Anyway, I finished the Y axis tonight (2 down, 1 to go) but I dropped a grub screw that is used to square up the Y scale which I could not find. I was at the bolt shop, I got M4's not M5's so I won't be able to square it up tonight.

The X axis should be easy so hopefully I will have it done by the weekend.
 
don't you hate that, been there many times so I always have a nice strong magnet at hand that I place near working area when working with small screws and things so if it drops, 90% of the time the magnet catches it. A trick I learnt from an old timer when I did my time with Phillips training as an electronics engineer.
 
don't you hate that, been there many times so I always have a nice strong magnet at hand that I place near working area when working with small screws and things so if it drops, 90% of the time the magnet catches it. A trick I learnt from an old timer when I did my time with Phillips training as an electronics engineer.

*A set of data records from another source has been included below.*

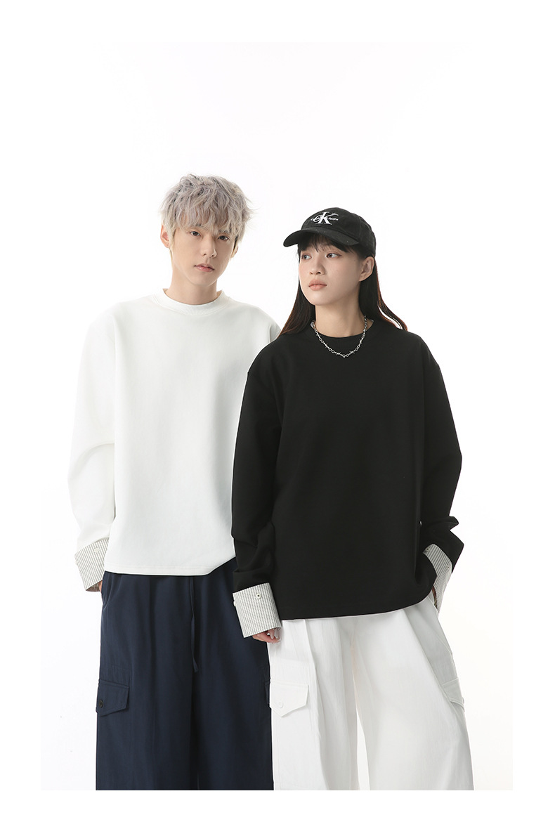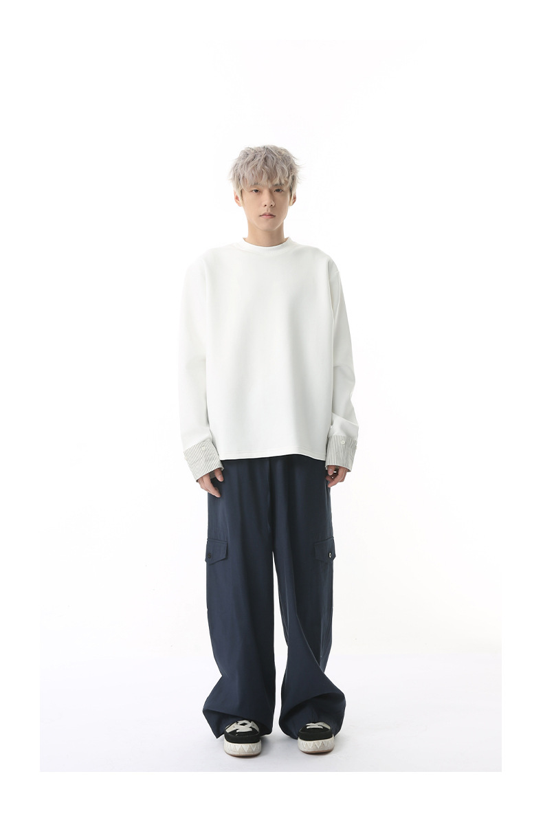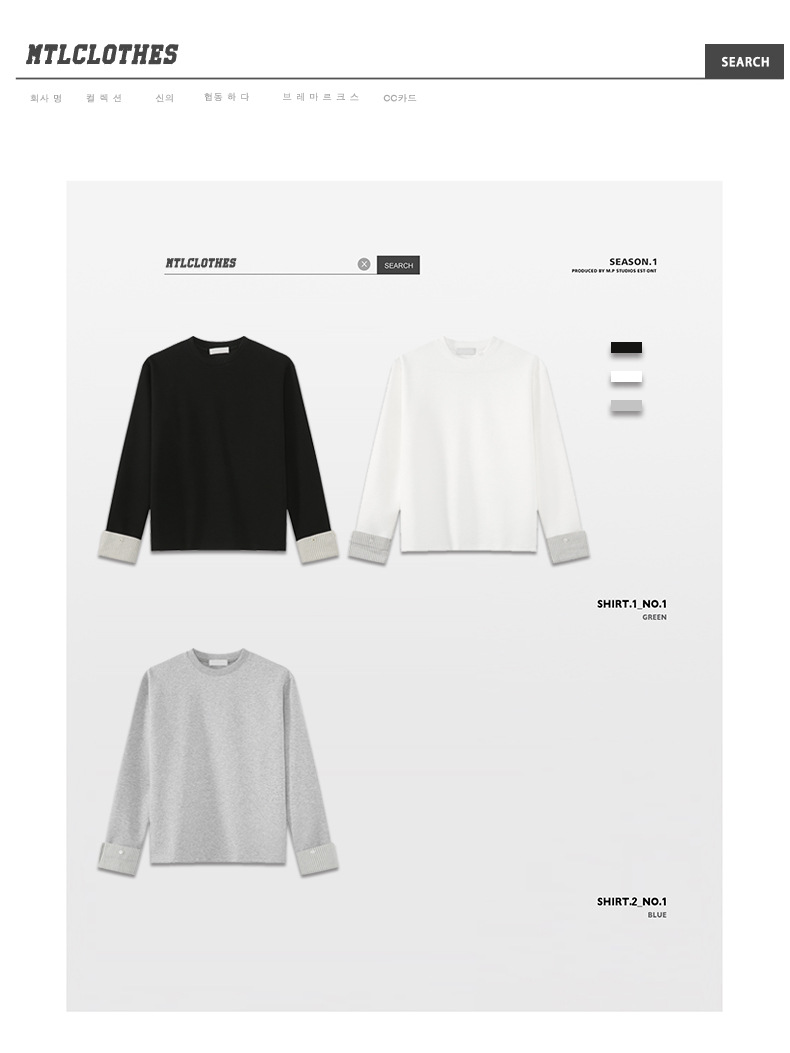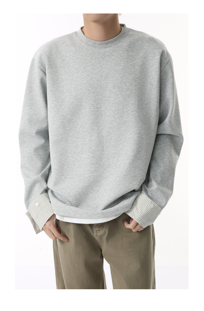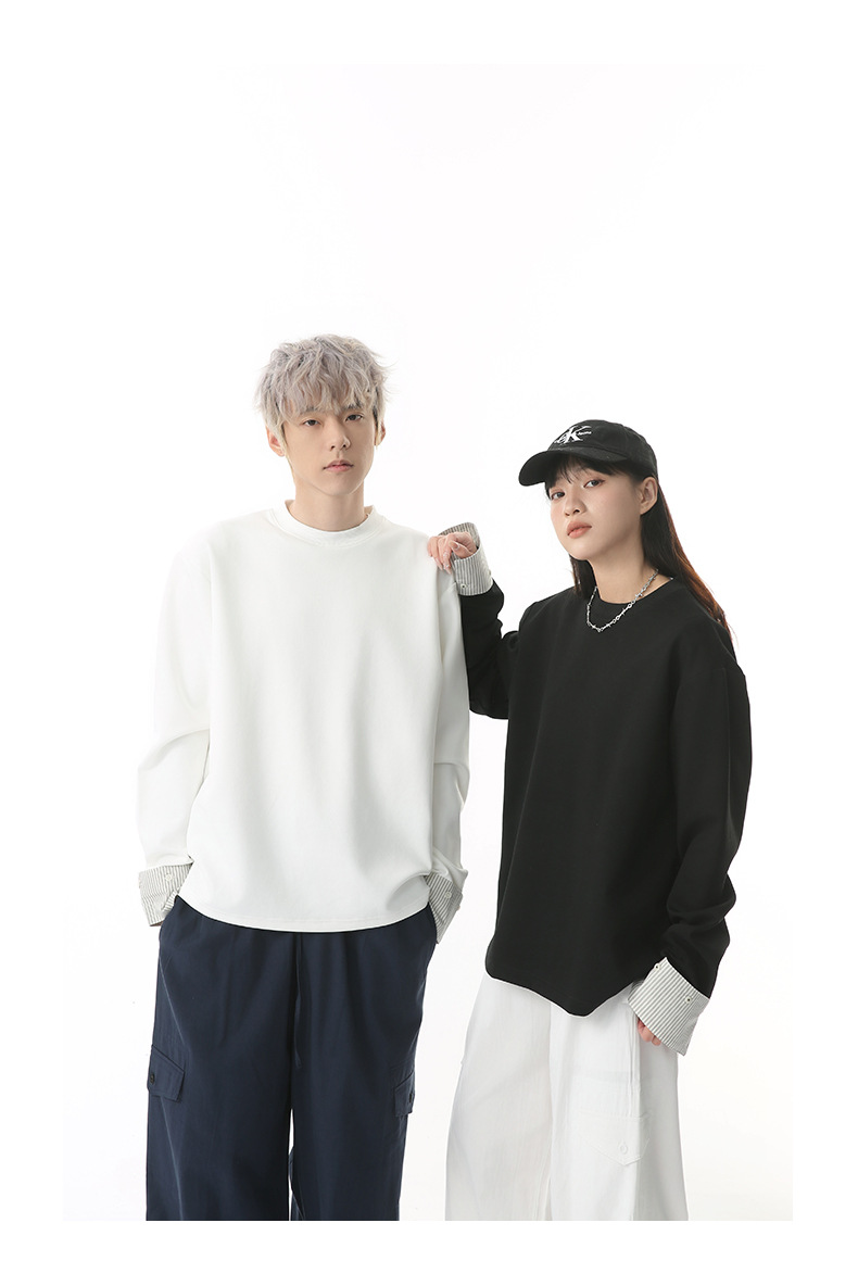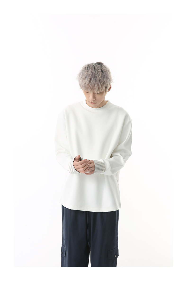 MTLCLOTHES 남성용 | 한국어 버전의 간단한 스트라이프 스티칭 슬리브 디자인 둥근 목 느슨한 바닥 티셔츠 캐주얼스토어 가기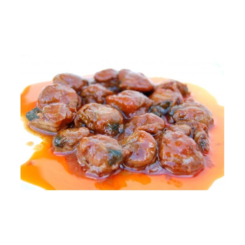 Una tapa clásica gallega elaborada artesanalmente con este marisco y una deliciosa salsa de vieira a base de aceite vegetal, tomate, cebolla, especias y sal, tal y como nos indican las tradicionales recetas gallegas. Un manjar con un intenso sabor a mar. Se trata de un alimento nutritivo y bajo en calorías. Contiene gran cantidad de proteínas y muy poca grasa, bajo en colesterol. Conserva de alta calidad.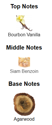 The scent opens with a plush top note of Bourbon vanilla, welcoming and comforting. In the heart, Siam benzoin offers a balsamic, resinous richness that gives the fragrance depth and warmth. The base settles into agarwood (oud) — giving the fragrance a woody, luxurious foundation that lingers with sophistication.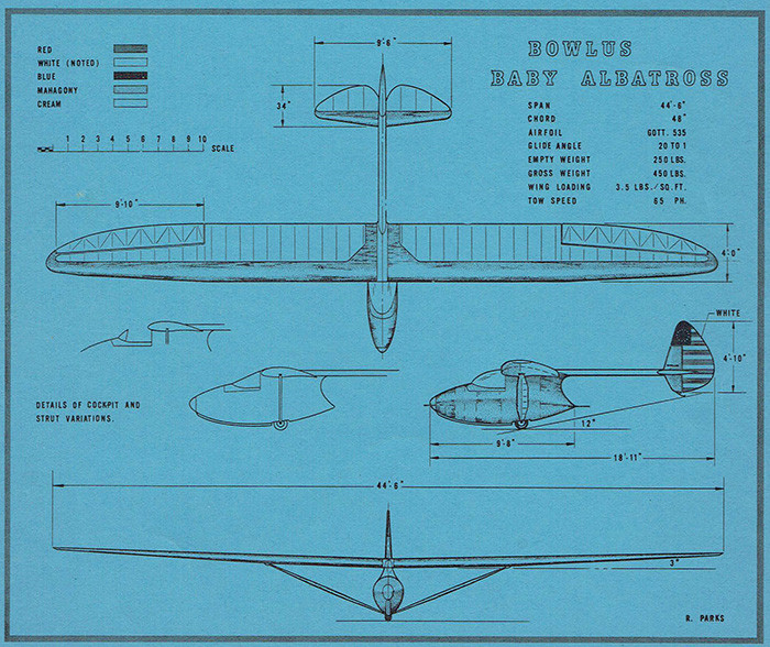 Unbranded Model Airplane Plans: BOWLUS BABY ALBATROSS 1/5 Scale 105" R/C Sailplane, Glider

Sounds line it is worth considering. I picked up another few grubscrews the right size and finally got the X sensor mounted on the saddle at 9:30 last night. At the moment I have too many other things competing for time and some of them have not been fun things!
 
don't you hate that, been there many times so I always have a nice strong magnet at hand that I place near working area when working with small screws and things so if it drops, 90% of the time the magnet catches it. A trick I learnt from an old timer when I did my time with Phillips training as an electronics engineer.

That's funny, me too. I actually have a variety of magnets stuck to all of my machines. On my mills I have a deadblow hammer, drawbar wrench, small and large brushes for sweeping chips away from vise, shaviv deburr tool, 1/2in carbide countersink in a tap handle, can of tap magic and a bottle of lay out dye. And a shop vac close by.

The magnets probably see more use than anything else. I also use them to grab chips out of pockets so I don't blow it all over with my air gun.